The theory of Feynman-alpha measurements is elaborated for the case of a “stochastically pulsed” subcritical system. The corresponding physical situation is when a pulsed neutron source is used, and no synchronisation between the start of the measurement time gate and the pulsing is made. This is the case in the European Community supported research project MUSE.The solution to the Feynman-alpha formula was obtained for such a case through complex function techniques in an analytical form by Laplace transform and residue calculus. The final expression is a smoothly regular function with a simple periodic modulation. It consists of a Feynman-curve corresponding to a stationary source, plus an infinite sum of periodic sine functions squared. The series converges as 1/n6 with the summation index n, thus in practice two or three terms are sufficient for a high accuracy quantitative result. This few-term representation amounts to a compact closed form analysis solution. Such a solution is well suitable for use in the determination of the subcritical reactivity from measurements, in contrast to the case of deterministic pulsing (measurement start synchronized with pulsing), where no simple solution is available, and where no explicit relationship between the continuous and pulsed forms of the Feynman-alpha exists.

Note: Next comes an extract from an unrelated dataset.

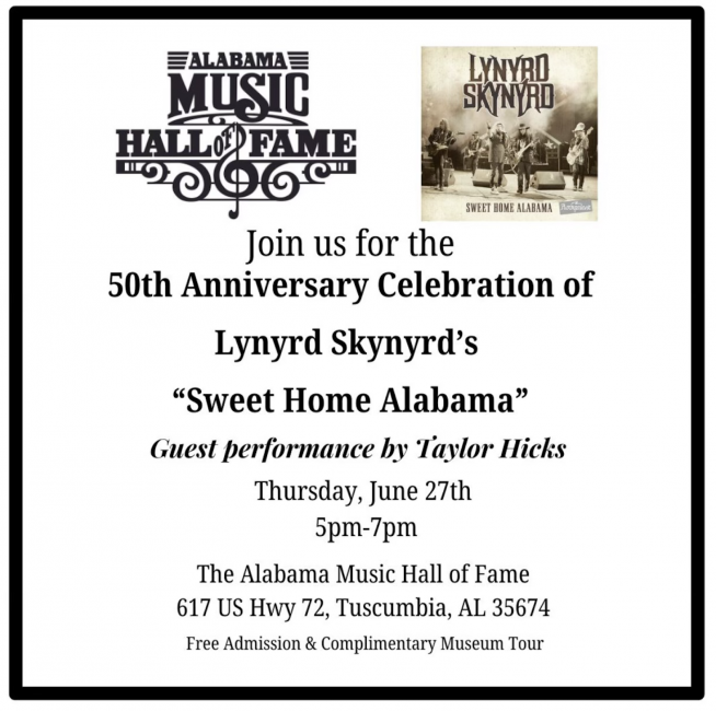 Join them on June 27th at 5pm for a special celebration of Lynyrd Skynyrd's famous and beloved hit song, "Sweet Home Alabama." This is a FREE event with guest star, Taylor Hicks! Sure to be a highly memorable night, you won't want to miss it.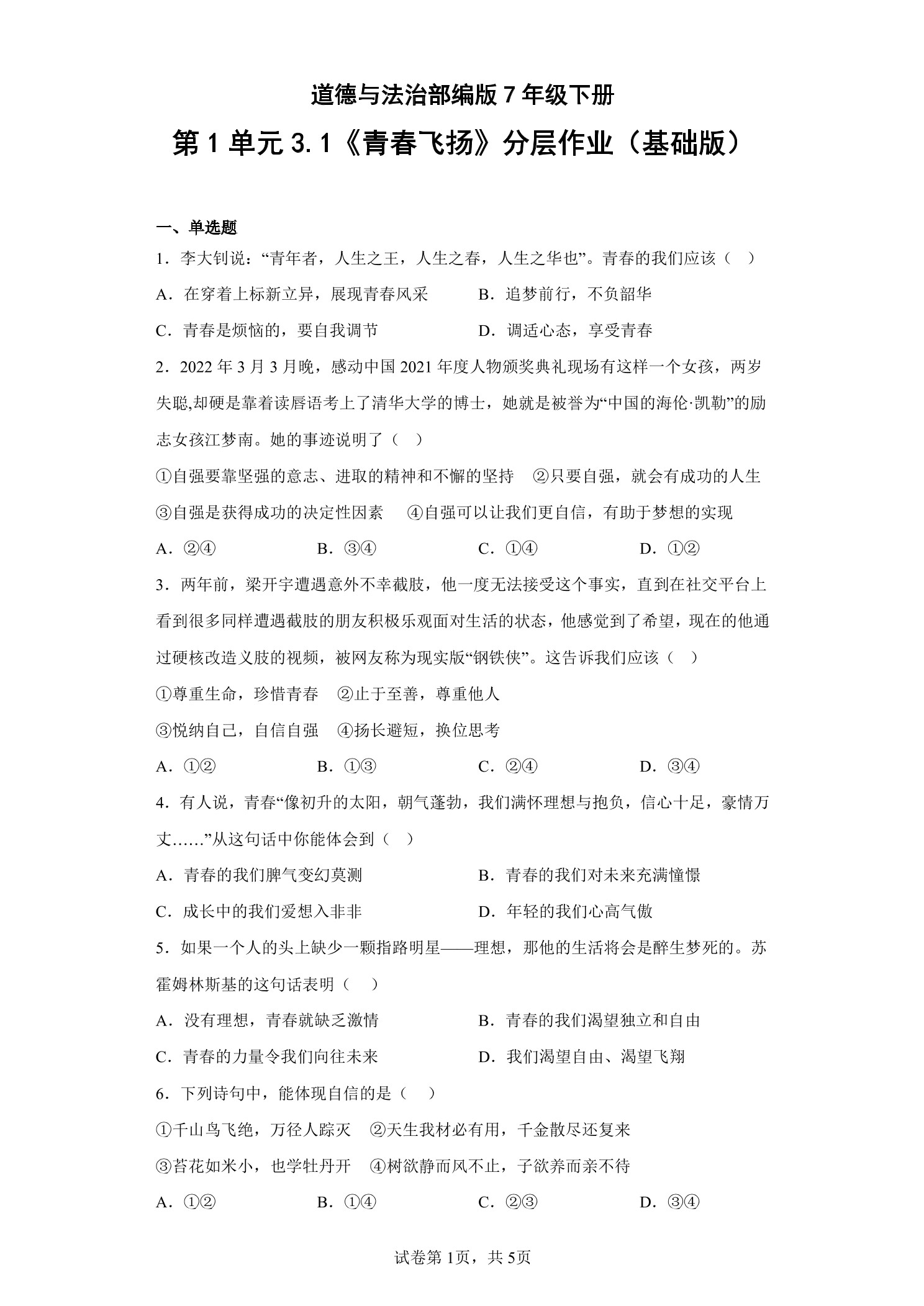 道德与法治部编版7年级下册第1单元3.1《青春飞扬》分层作业(基础版)

The general backward theory of neutron fluctuations in subcritical systems with multiple emission sources

The Feynman-alpha and Rossi-alpha formulae are derived analytically for subcritical systems driven by a multiple emission source,i.e. one that emits several neutrons on each source emission event. The prime example of such sources is a spallation source, which will be used in future accelerator driven subcritical systems (ADS) such as the energy amplifier. Such formulae for ADS have been derived recently but in simpler neutronic models. In this paper six groups of delayed neutron precursors are taken into account, and the full joint statistics of the prompt and all delayed groups is included. Thus the present results are generalisations of earlier ones. The involved problems that are encountered are solved with a combination of effective analytical techniques and symbolic algebra codes.

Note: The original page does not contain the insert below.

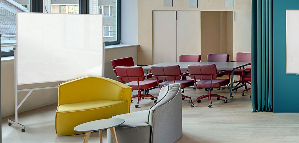 Pointe Mobile Glassboard is a multi-functional glassboard and space partition; and just so happens to be one of our newest product launches. With a powder-coated steel frame and glass writing surface, it’s a sleek take on a classic wall whiteboard. Line up multiple to create on-the-go workspaces or use one for a mobile, configurable writing solution.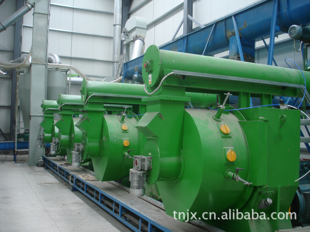 ●田农专利技术制粒机轴承和压辊使用闭路循环润滑系统,采用微电脑实时跟踪、监测、显示压辊、压制腔的运行的温度情况,彻底解决了压辊润滑靠经验润滑的难题,保障制粒实现连续生产. ●主动齿轮采用高精度齿轮传动,采用瑞典进口轴承,环模快卸式抱箍型,产量比皮带型提高10-15%左右. ●环模,压辊使用合金钢(不锈钢)锻造精加工,采用渗碳工艺热处理,渗碳层高达2mm,可最大化的节约生产成本. ●特殊设计的压制腔,延长模具寿命,同等型号、同等质量的模具前题下,寿命延长达70%左右。 ●田农专利技术的压制腔监控系统,解决因为非法操作带来的压制腔高温危害,有效防止压制腔内高温引起的粉尘爆炸和火灾隐患。 ●调质器、环模保护罩全不锈钢制造,防止长时间使用水蒸气的锈蚀破坏。 ●环模安全保护罩位控器与主机电器互锁功能,机械运转中,非法打开环模安全罩时,自动关闭主电机,防止调整运转的机械对人伤害。 ●特殊设计的制粒机过载保护装置,当制粒机过载或进入金属异物时,保护装置安全销自动断开、安全销位控开关切断主机电源,保护环模、压辊等不受严重伤害。 ●方便快捷的颗粒长度切刀,可以自由选择您所需用的颗粒长度。 ●全封闭式强制喂料机构,电机为整体试结构,安全性更高。 ●强制喂料螺旋下文设有快速排料口中,非法操作出现闷机时,可以快速打开排料口,防止闷机的发生。 ●田农人自行研发集成压辊注油装置,国内外同行独有专利技术,保障每个压辊充分得到润滑油,不会出现漏注现象。 ●特殊设计的主轴、空轴结构,无需担心主轴、空轴变形、断裂事故的发生。 ●超长压辊轴承使用寿命,使其寿命达极限至800小时以上。 ●采用大模数齿轮,设计参数是实际动力的数倍,齿轮寿命达十年。 ●特殊设计的箱体结构,是同种机型重量的一倍以上,赋于制粒机强劲的机械动力需要。 ●解决了箱体与齿轮材料膨胀系数问题,保证箱体与齿轮膨胀系数一致,机械时刻处在最佳传动状态下运行。 ●设有模具抛光物料快速入口,防止抛光物料浪费,防止抛光物料污染其它机械部位。 ●特殊设计的压制腔,对物料含水量敏感度低,物料含水量比同种机型高10%都可以正常制粒,从而节约物料烘干成本 ●压辊设计之时就优化选择了最大直径,可最大化的延长压辊使用寿命 ●特殊设计制造的环模,开孔高达13排孔,¢6-8有效开孔宽度高达135mm,是国内外同行的 1.8倍,有效降低模具消耗,降低生产成本。 ●田农制粒机环模,开有高达13排孔,开孔率是其它厂家同种型号的1.8倍,可最大化降低环模吨费用消耗,,此为田农专利,国内外无人能够效仿.。规模产能1万吨/年,可节约模具消耗15万元。 序号 | 名称 | 型号 | 主机功率 (kw) | 产量 (t/h) | 颗粒直径 (mm) | 环模直径 (mm) | 压辊数量 (只) | 1 | 制粒机 | MZLH420 | 90 | 1-1.5 | 6-8 | 420 | 2 | 2 | 制粒机 | MZLH600 | 160 | 2-3 | 6-8 | 600 | 2 | 3 | 制粒机 | MZLH800 | 320 | 4-6 | 6-8 | 800 | 4 | 4 | 制粒机 | MZLH1200 | 500 | 6-8 | 6-8 | 1200 | 4 |

Heuristic derivation of rossi-alpha formula with delayed neutrons and correlated source

Formulae of neutron correlation measurements, such as Feynman-and Rossi-alpha, have been derived in the past by the master equation method or the joint detection probability method. Generally speaking, the master equation method is rigorous in the sense, that all elementary processes can be taken into account, but its manipulations are complicated and elaborate. On the other hand, the method of joint detection probability is heuristic, but several kinds of formulae can be easily derived from it. It seems that these methods are complementary. Recently in order to develop a method for evaluating subcriticality in the accelerator driven subcritical reactors, we derived the Feynman-alpha formula with a correlated neutron source and delayed neutrons based on the master equation method. In this paper, based on a heuristic method, we have derived the joint detection probability including one group of delayed neutrons and a correlated neutron source, which is valid in deep subcritical systems. Then, as an application of this joint probability, the Rossi-alpha formula with delayed neutrons and a correlated neutron source has been derived.

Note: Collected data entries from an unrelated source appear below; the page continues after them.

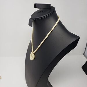 Chic vintage Avon necklace featuring a faux pearl strand and a 3D puffy heart pendant. Exudes a glamorous princess vibe. Perfect accessory for a sophisticated, elegant look.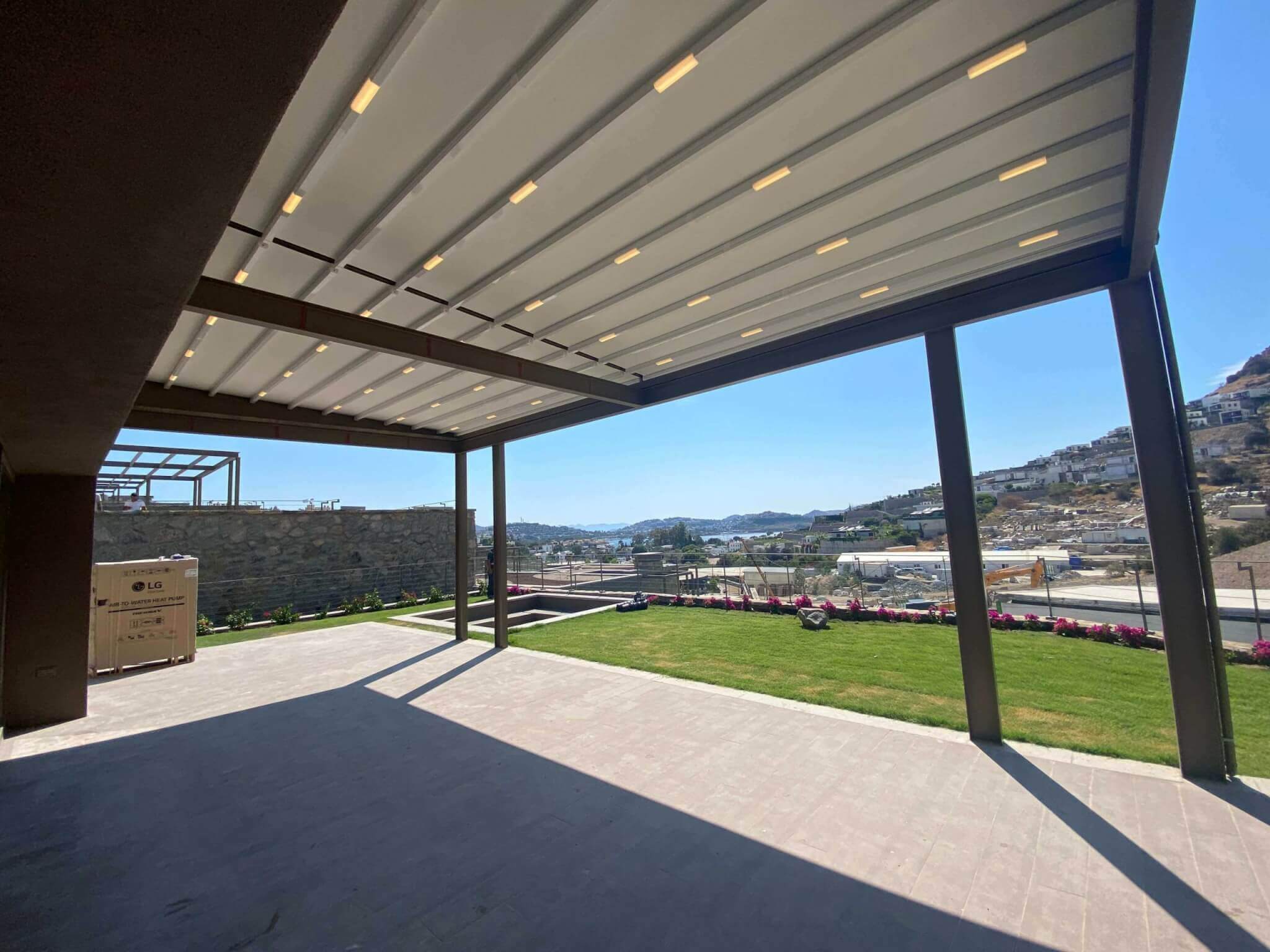 Doğal taş mimarisiyle Bodrum’un eşsiz atmosferini yansıtan Seba Taşevleri’nde gerçekleştirdiğimiz bodrum özel konut pergola projesi, modern yaşam konforunu estetik detaylarla buluşturuyor. Kullanıcının ihtiyaçlarına özel olarak tasarlanan bu sistem, açık yaşam alanlarını yılın dört mevsimi kullanılabilir hale getirirken, yapının mimari karakteriyle tam uyum içinde çalışılmıştır.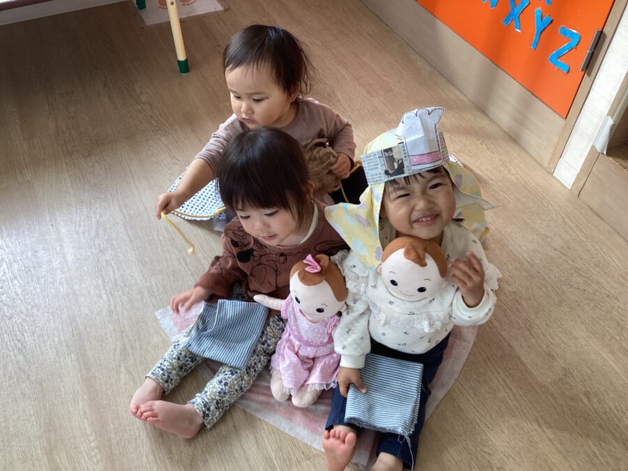 今日もお部屋で遊んでいると、お人形さんのお世話をしているお友だちを発見!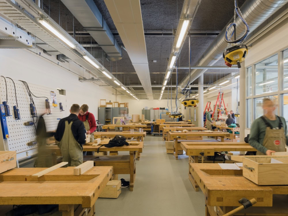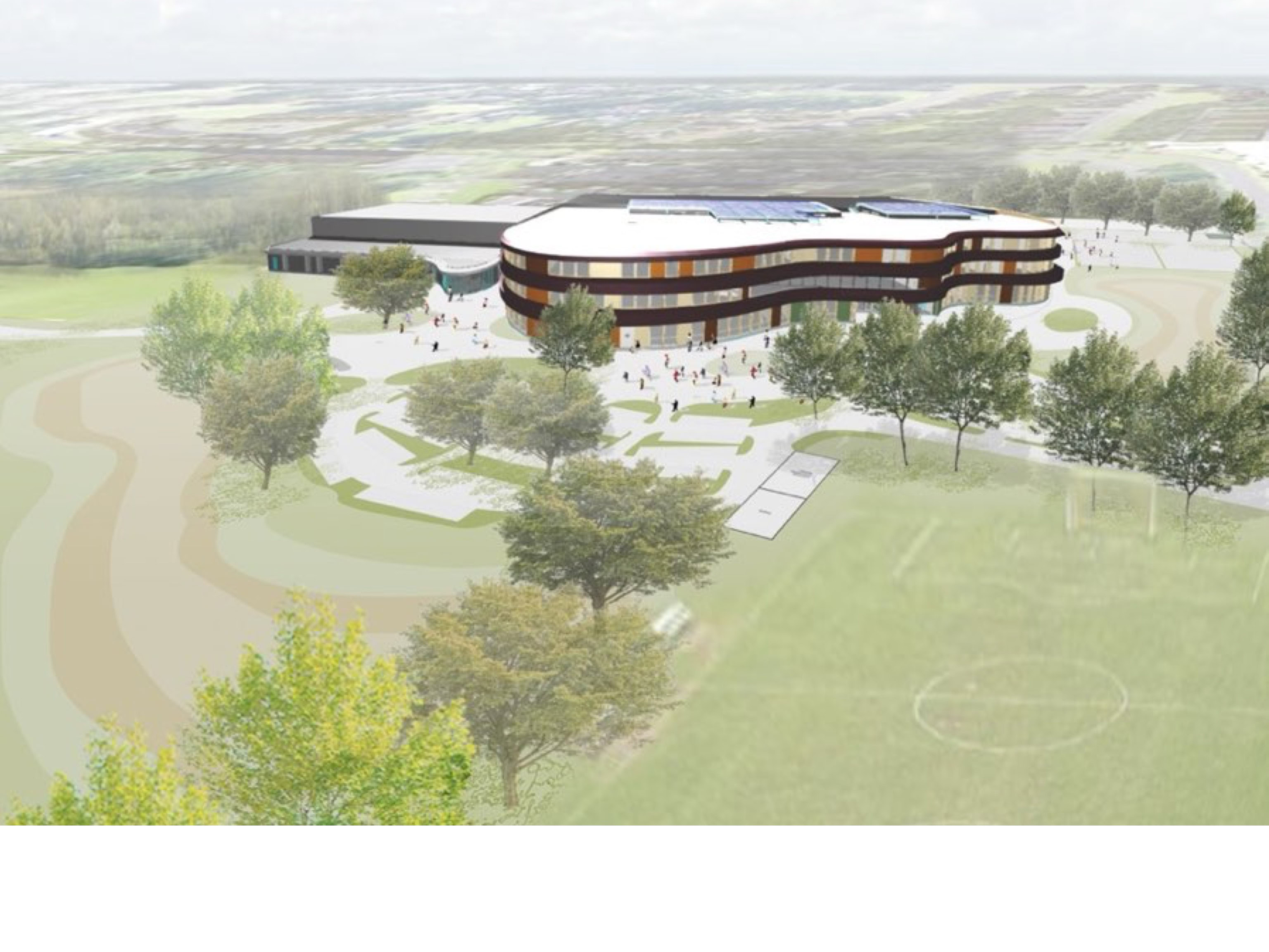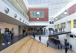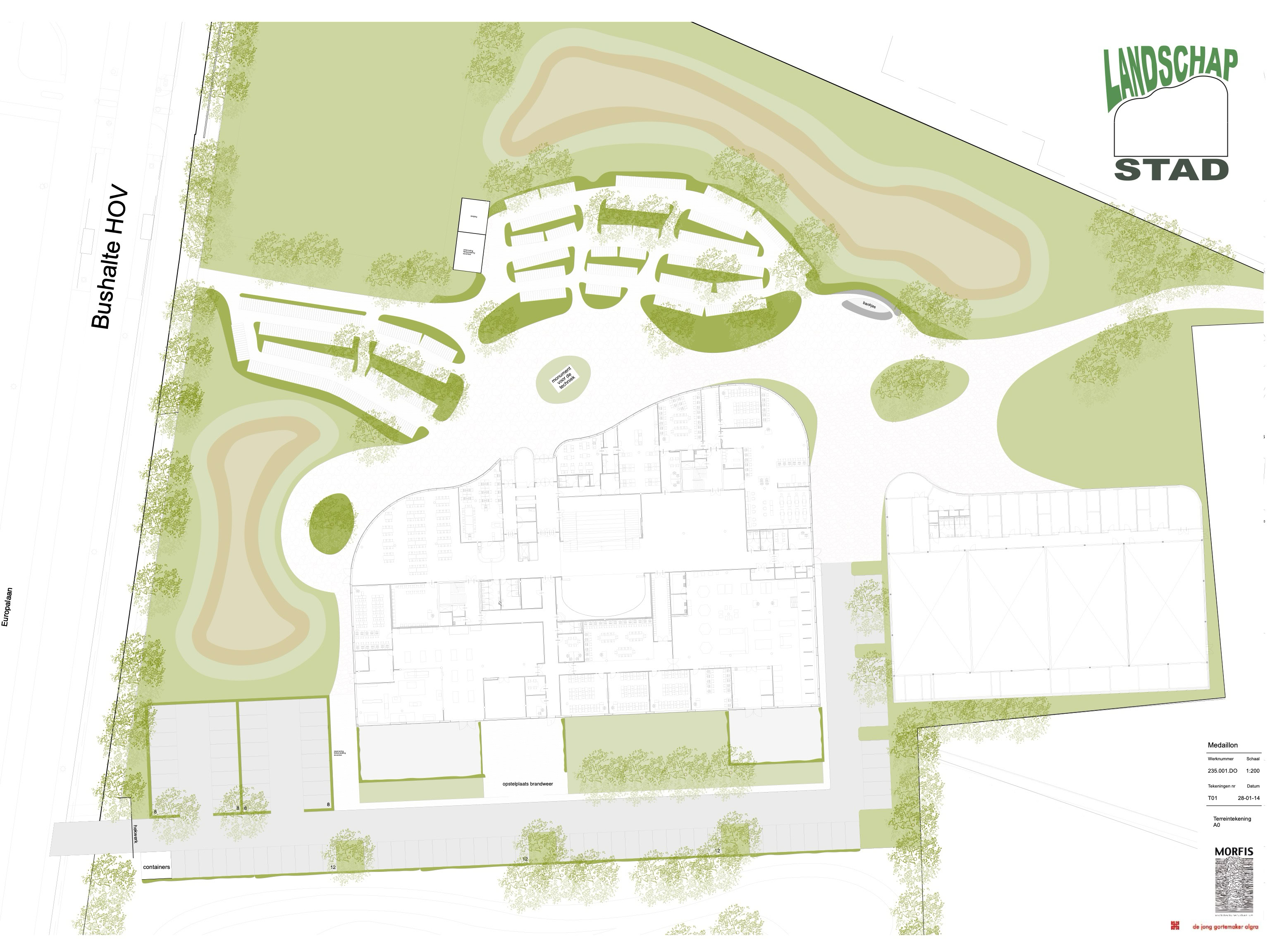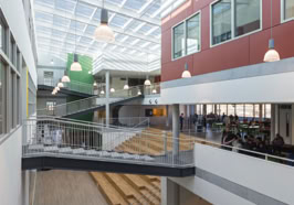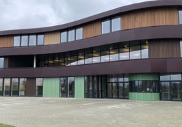 Het C.T. Stork College in Hengelo ligt op de overgang tussen de stedelijke en landschappelijke context . De zuidzijde, gericht naar de stad, is industrieel vormgegeven, verwijzend naar de historisch rijke maakindustrie van Hengelo. In contrast hiermee is golvende noordgevel een organische overgang naar het twentse landschap. Het hart van de school is het centrale atrium, waarin een monumentale tribunetrap en loopbruggen fungeren als verbindende elementen tussen de diverse onderwijsdomeinen. Deze opzet maximaliseert de visuele transparantie en creëert een hoogwaardige ruimtelijke continuïteit binnen een compact volume.

Theory of neutron fluctuations in source-driven subcritical systems

Neutron fluctuations are investigated in a subcritical system driven by a non-Poisson (correlated) source. Such sources arise in e.g. accelerator-driven systems (ADS) where several neutrons are born simultaneously with a certain fluctuation in the spallation process. The second moment of the neutron number and of the detector counts is calculated. In particular, the Feynman-alpha formula is derived both by a master equation technique and with a heuristic approach. It is shown that the dependence of the variance-to-mean of the counts on the time gate is the same as in the traditional case (Poisson source), but its magnitude is enhanced by the source fluctuations and multiplicity. Thus, the presence of a correlated source is beneficial for the application of the Feynman technique. Consequently, it may be possible to perform measurements with deeper subcriticalities than in the traditional case.